In 1925, Berkeley Hall relocated to Beverly Hills, where it remained for over 50 years. The move was supported by families and friends who helped secure land and funding for the new campus. During this time, the school continued to expand its academic and extracurricular programs while maintaining its commitment to coeducation and individualized student development.

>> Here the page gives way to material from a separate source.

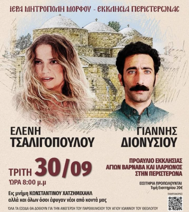 Την Τρίτη 30/09 στις 8:00 μ.μ. στο προαύλιο της εκκλησίας Αγίων Βαρνάβα και Ιλαρίωνος στην Περιστερώνα, η Ελένη Τσαλιγοπούλου και ο Γιάννης Διονυσίου ενώνουν τις φωνές τους σε μια ξεχωριστή μουσική εκδήλωση. Η Θεολογική Σχολή Εκκλησίας Κύπρου στηρίζει την προσπάθεια, με τα έσοδα να προσφέρονται...

In 1976, Berkeley Hall purchased its current 66-acre campus on Mulholland Drive, and it officially opened there in 1980. The mountaintop campus overlooks the San Fernando Valley and serves students from the greater Westside and San Fernando Valley communities. The campus has since been developed to include modern classrooms, outdoor learning spaces, athletic facilities, arts and performance spaces, science labs, and makerspaces, integrating nature into the school’s educational programs.

==Campus==
The 66-acre campus includes academic buildings, outdoor learning spaces, athletic fields, performance and arts facilities, science labs, and makerspaces. Natural areas and outdoor classrooms support environmental education and experiential learning.

==Academics==
Berkeley Hall serves Nursery through eighth grade and offers a research-based curriculum integrating programs such as the Teachers College Reading & Writing Project and Illustrative Math. Faculty participate in the school’s Depth of Study (DOS) program, a collaborative professional learning model designed to strengthen teaching practices, ensure continuity across grade levels, and support ongoing faculty growth.

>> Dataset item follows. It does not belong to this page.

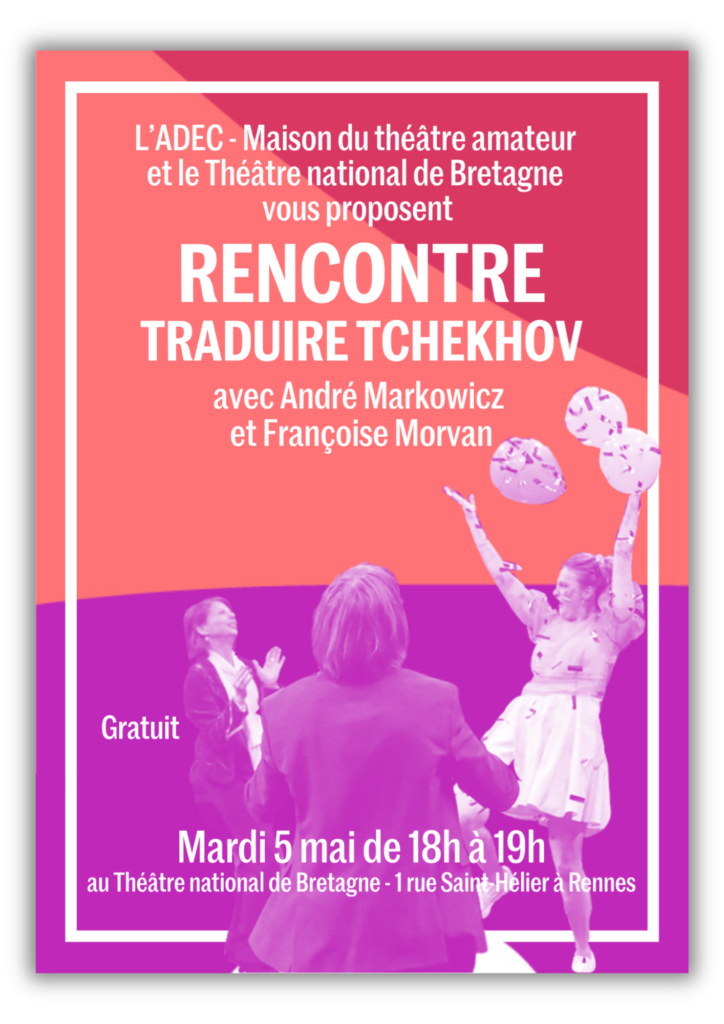 Dans le cadre de la programmation d’”Ivanov”, mis en scène par Myriam Muller, au TNB, l’ADEC vous propose une rencontre avec André Markowicz et Françoise Morvan, qui ont traduit l’œuvre dramatique de Tchekhov.

===Philosophy and Educational Approach===
Berkeley Hall emphasizes a growth mindset philosophy, encouraging students to view challenges as opportunities for learning and personal development. Character education, moral integrity, and social responsibility are integrated across the curriculum and daily school activities.

==Student Life==
BHS offers a broad range of extracurricular programs, including:
- Performing arts (music, theater, visual arts)
- Athletics (team and intramural sports)
- Clubs and enrichment programs (e.g., robotics, coding, science, and service clubs)
- Community events and school traditions, such as the Annual Camp Out, Fall Festival, and holiday performances

These programs promote social, emotional, and physical development alongside academics.

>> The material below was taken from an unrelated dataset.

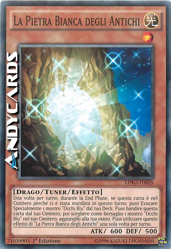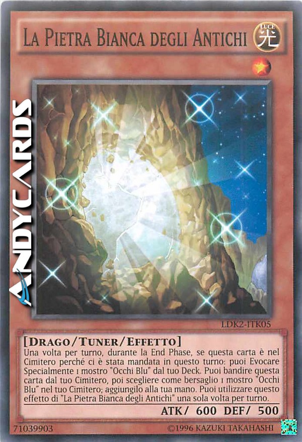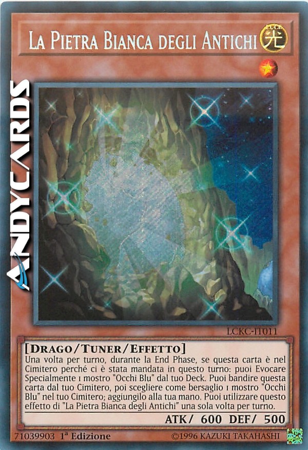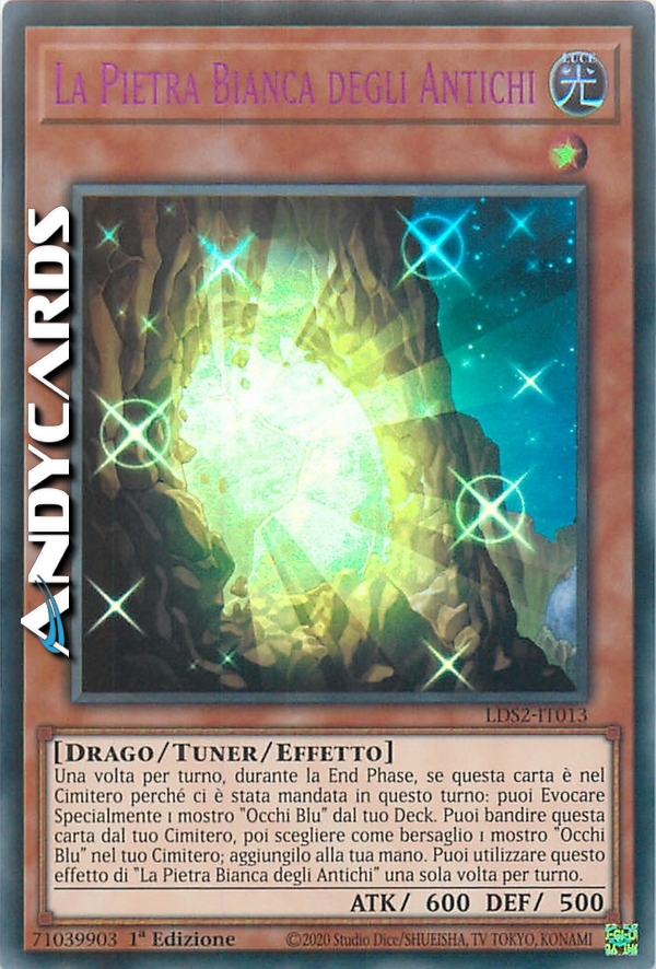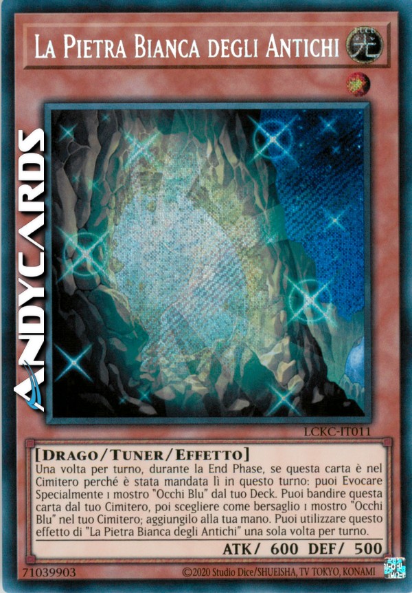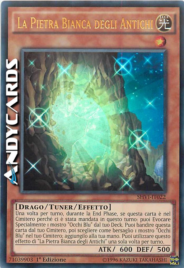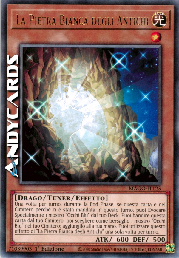 Una volta per turno, durante la End Phase, se questa carta è nel Cimitero perché ci è stata mandata in questo turno: puoi Evocare Specialmente 1 mostro "Occhi Blu" dal tuo Deck. Puoi bandire questa carta dal tuo Cimitero, poi scegliere come bersaglio 1 mostro "Occhi Blu" nel tuo Cimitero; aggiungilo alla tua mano. Puoi utilizzare questo effetto di "La Pietra Bianca degli Antichi" una sola volta per turno.

==Admissions and Tuition==
Berkeley Hall enrolls students from Nursery through eighth grade. Current tuition is approximately $39,480 per year.

==Accreditation==
Berkeley Hall School is accredited by the California Association of Independent Schools (CAIS) and the Western Association of Schools and Colleges (WASC).

==Administration==
Dr. Sarah Colmaire has served as Head of School since 2023.

==Diversity and Community==
The school describes itself as an inclusive, diverse community, welcoming students from a variety of cultural, religious, and socio-economic backgrounds.